Write The Domain For The Piecewise Function In Interval Notation.$\[ F(x) = \begin{cases} 2x - 5 & \text{for } X \leq -1 \\ -2x^2 & \text{for } X \geq 2 \end{cases} \\]

Feb 26, 2025 by ADMIN 171 views

**Domain of a Piecewise Function in Interval Notation**

Introduction

In mathematics, a piecewise function is a function that is defined by multiple sub-functions, each applied to a specific interval of the domain. The domain of a piecewise function is the set of all possible input values for which the function is defined. In this article, we will discuss how to write the domain of a piecewise function in interval notation.

Understanding Piecewise Functions

A piecewise function is a function that is defined by multiple sub-functions, each applied to a specific interval of the domain. The general form of a piecewise function is:

${ f(x) = \begin{cases} f_1(x) & \text{for } x \in D_1 \\ f_2(x) & \text{for } x \in D_2 \\ & \vdots \\ f_n(x) & \text{for } x \in D_n \end{cases} }$

where $f_1(x), f_2(x), \ldots, f_n(x)$ are the sub-functions, and $D_1, D_2, \ldots, D_n$ are the intervals of the domain.

Domain of a Piecewise Function

The domain of a piecewise function is the set of all possible input values for which the function is defined. In interval notation, the domain of a piecewise function is written as a union of intervals.

Example 1: Domain of a Piecewise Function

Consider the piecewise function:

${ f(x) = \begin{cases} 2x - 5 & \text{for } x \leq -1 \\ -2x^2 & \text{for } x \geq 2 \end{cases} }$

To find the domain of this function, we need to consider the intervals of the domain for each sub-function.

For the first sub-function, $f(x) = 2x - 5$ , the domain is $x \leq -1$ . This means that the input values for this sub-function are all real numbers less than or equal to -1.

For the second sub-function, $f(x) = -2x^2$ , the domain is $x \geq 2$ . This means that the input values for this sub-function are all real numbers greater than or equal to 2.

Since the two sub-functions are defined on different intervals, the domain of the piecewise function is the union of these intervals.

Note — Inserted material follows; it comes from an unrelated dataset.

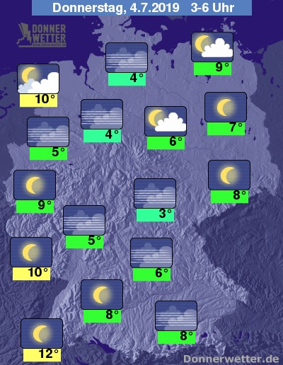 Die Temperaturen gehen bis zu den Frühstunden auf 3 Grad im Thüringer Becken und 12 Grad im Breisgau ab.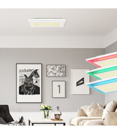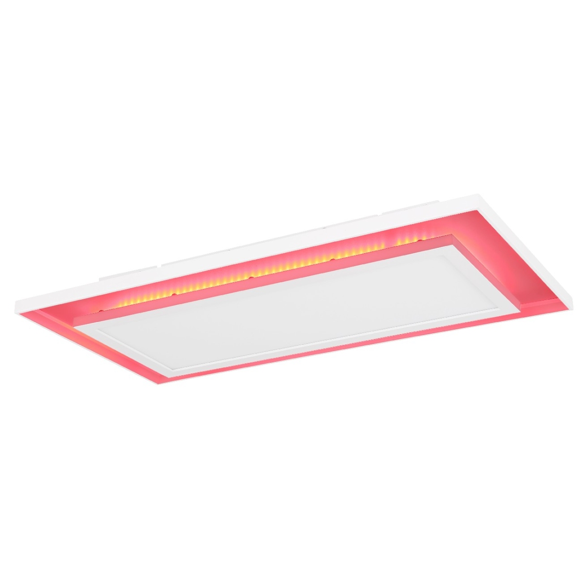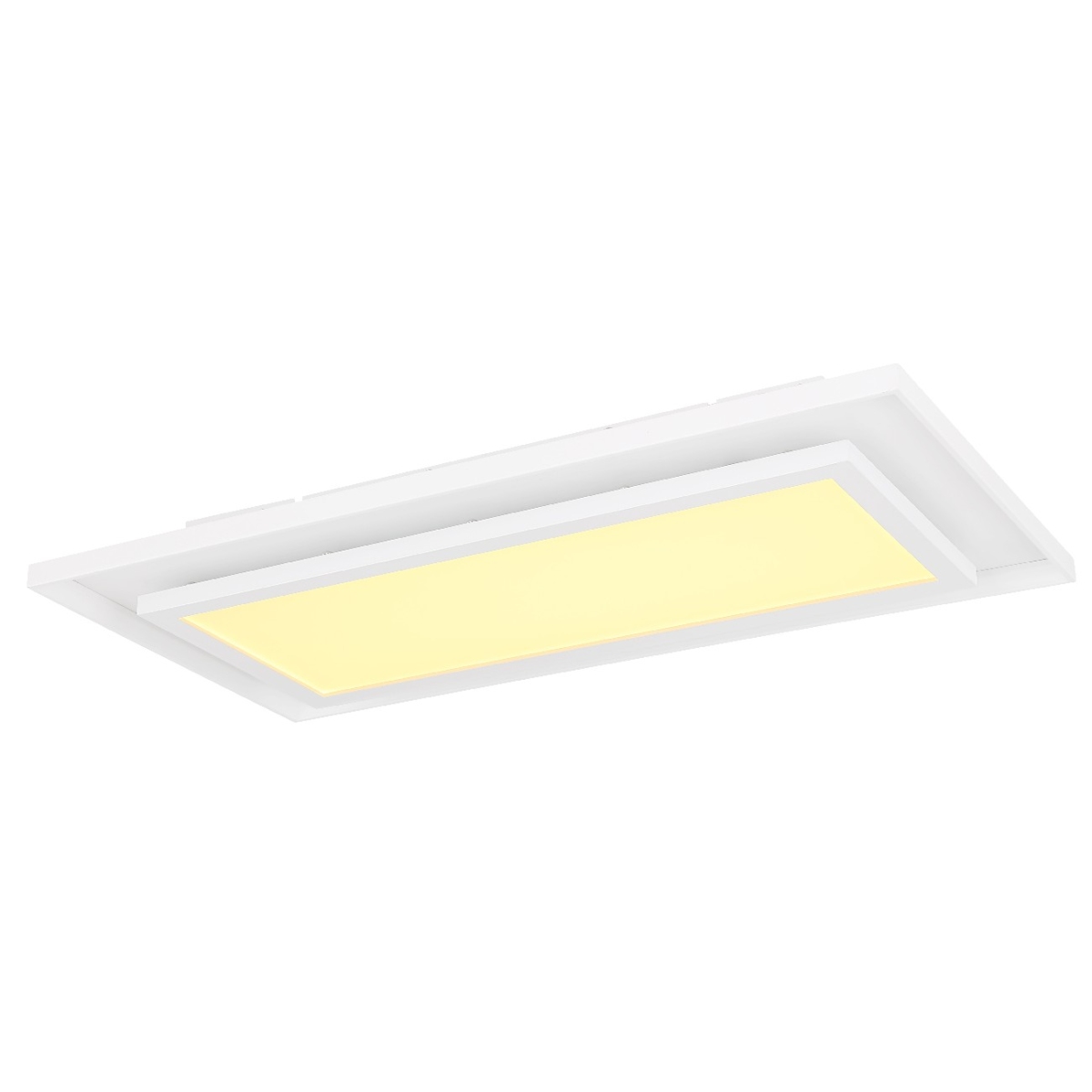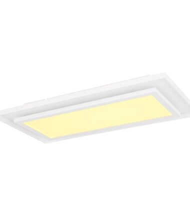 Ova bela pravougaona plafonska lampa (55x29cm) MARPHY serije ubeđuje prelepim dizajnom i mnogim funkcijama. Opremljena LED sijalicom, sija 2700 Kelvina toplo belo do 6500 Kelvina hladno bele svetlosti i ima funkciju memorije. Pomoću daljinskog upravljača možete da prigušite i promenite i fiksirate svetlo, a takođe koristite boje crvene, zelene i plave.

Writing the Domain in Interval Notation

In interval notation, the domain of the piecewise function is written as:

${ (-\infty, -1] \cup [2, \infty) }$

This means that the domain of the function is all real numbers less than or equal to -1, and all real numbers greater than or equal to 2.

Conclusion

In conclusion, the domain of a piecewise function is the set of all possible input values for which the function is defined. In interval notation, the domain of a piecewise function is written as a union of intervals. By understanding how to write the domain of a piecewise function in interval notation, we can better analyze and work with these types of functions.

Tips and Tricks

When writing the domain of a piecewise function in interval notation, make sure to include all possible input values for each sub-function.
Use the union symbol (∪) to combine the intervals of the domain.
Be careful when writing the domain of a piecewise function, as it is easy to make mistakes.

Common Mistakes

Failing to include all possible input values for each sub-function.
Using the wrong notation for the union of intervals.
Making mistakes when writing the domain of a piecewise function.

Real-World Applications

Piecewise functions are used in many real-world applications, such as modeling population growth, temperature changes, and financial transactions.
Understanding how to write the domain of a piecewise function in interval notation is essential for working with these types of functions.

Practice Problems

Find the domain of the piecewise function: ${ f(x) = \begin{cases} x^2 + 1 & \text{for } x \leq 0 \\ x - 2 & \text{for } x \geq 1 \end{cases} }$
Write the domain of the piecewise function in interval notation.

Answer Key

The domain of the piecewise function is $(-\infty, 0] \cup [1, \infty)$ .
The domain of the piecewise function is $(-\infty, 0] \cup [1, \infty)$ .

References

[1] "Calculus" by Michael Spivak
[2] "Mathematics for Computer Science" by Eric Lehman and Tom Leighton

Note: The references provided are for general information and are not specific to the topic of piecewise functions.